Across the pond and in the Nirvanna universe, Jay McCarol is faced with his own “to sell out or not to sell out” dilemma. He’s already got a foot out the door after 17 years of going along with his best friend and bandmate’s elaborate, dubiously ethical plans that always end up failing. When he and Matt accidentally time travel to 2008 and then to an altered version of 2025, Jay finds himself in a timeline where he stopped being friends with Matt, quit the band, and went on to become a world-famous solo musician. Meanwhile, Matt is the drummer in a Jay McCarol cover band. It’s through Matt’s eyes that we watch a Jay McCarol stadium show, which feels akin to Charli’s post-Swiftification concert film—middlebrow, inoffensive, maximized for mass appeal, a little soulless, and necessitated by the abandonment of the star’s most trusted creative collaborator.
Jay’s brush with global fame proves to be unfulfilling and far more trouble than it’s worth. It’s only once he reconnects with his old friend when in need of Matt’s wild scheming that he realizes he was better off in the ordinary life that they shared. At the last minute, he chooses to restore the timeline and go back to improvising in anonymity with Matt.
THERE’S A SCENE IN The Moment where a brusque esthetician named Maria (Arielle Domabasle) chastises Charli for putting too much pressure on herself and her career. When Charli protests that she’s two weeks out from a world tour, Maria retorts, “So you need the entire world to know you’re an artist in order to make your art?” “No, I never said that,” Charli responds.

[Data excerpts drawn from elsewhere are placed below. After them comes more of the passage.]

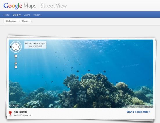 凱特琳海景調(diào)查組織的幾名成員使用特殊的攝影機(jī)潛入海底拍攝了全景照片,然后將其整合到谷歌地圖中,以類似于“街景”服務(wù)的模式為用戶提供服務(wù),使之不必親自潛水也可以欣賞海底美景。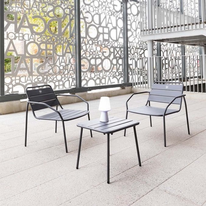 Compact et empilable, le salon en acier « PHUKET » conviendra à des jardins et des terrasses, même les plus exigus ! Composé de 2 fauteuils et d’une table basse, vous pourrez y profiter des journées ensoleillées de l’été.
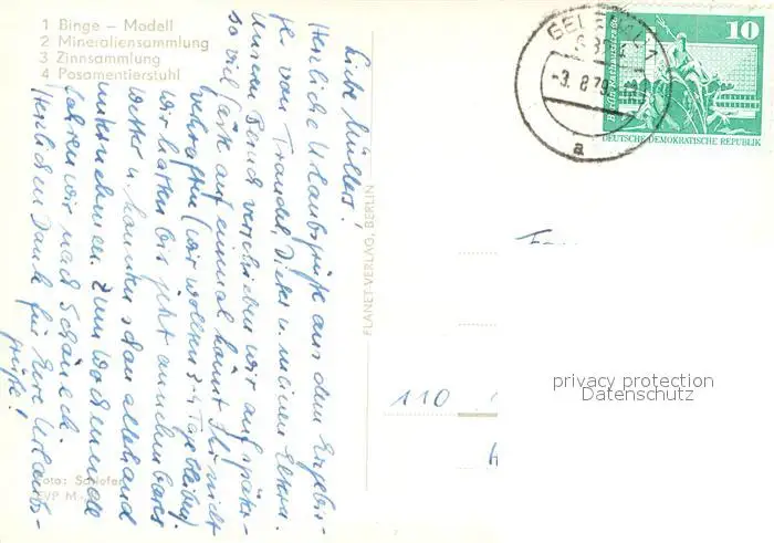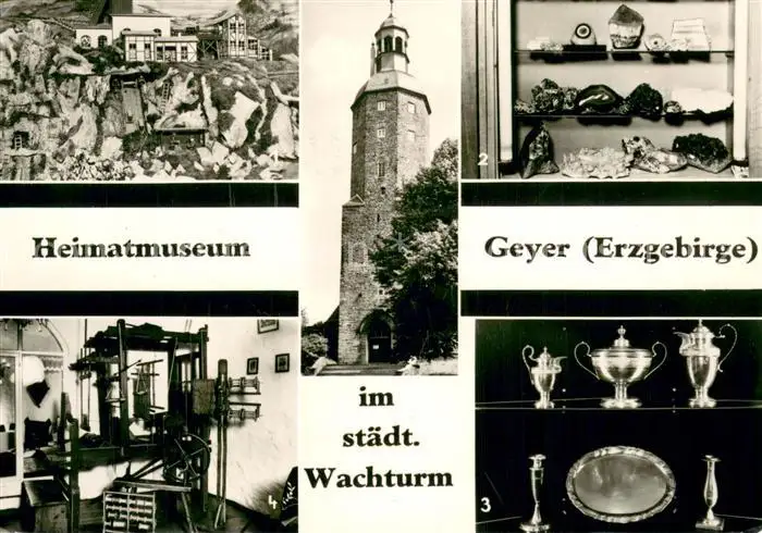 Geyer Heimatmuseum Binge-Modell Mineraliensammlung Zinnsammlung Posamentierstuhl Geyer postalisch gelaufen 1979 Erhaltung siehe scans [FriedD77] Frierer

Part of what both of these films get at is just how humiliating the impulse to make art can be. From the outside looking in, the creative drive is not always an understandable one, the goals that come with it are seemingly arbitrary, and the artist’s rationale can often only be explained through the work. You care about something for however long—until the product of all that caring convinces other people to care as well. The process is rarely representative of the outcome. The humiliation doesn’t end until the art justifies itself, and even then, there’s no guarantee.

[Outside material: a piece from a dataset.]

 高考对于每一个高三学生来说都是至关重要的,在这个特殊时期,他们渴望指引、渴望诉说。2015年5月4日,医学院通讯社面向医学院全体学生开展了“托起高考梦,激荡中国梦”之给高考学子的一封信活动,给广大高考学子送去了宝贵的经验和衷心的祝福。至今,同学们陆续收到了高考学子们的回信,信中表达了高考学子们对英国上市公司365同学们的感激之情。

In a scene early on in The Moment, Charli’s van driver googles her name and watches the first result—the “Boom Clap” music video—on his phone and remarks how different Charli looked at the time (“It was for a movie about kids with cancer,” Charli mutters dryly from behind a massive pair of sunglasses). While sneaking into their old apartment, 2025 Matt and Jay end up hiding in a closet for fear of being noticed by 2008 Matt and Jay. What follows is a sequence in which the older Matt and Jay are trapped for hours listening to their younger selves rehearsing musical performances—which viewers of the original webseries will recognize as “The Can Opener” and “Update Day”—visibly annoyed and embarrassed. Each of these scenes is one of the funniest in their respective films, and each captures the humiliation of revisiting your older work—whether it exists in obscurity or not —and cringing at how much (or how little) it deviates from your current artistic identity. At the heart of the comedy of each of these scenes lies that hilarious, crucial, and terribly embarrassing kernel of self-recognition—the moment of “Oh my god, that’s me.”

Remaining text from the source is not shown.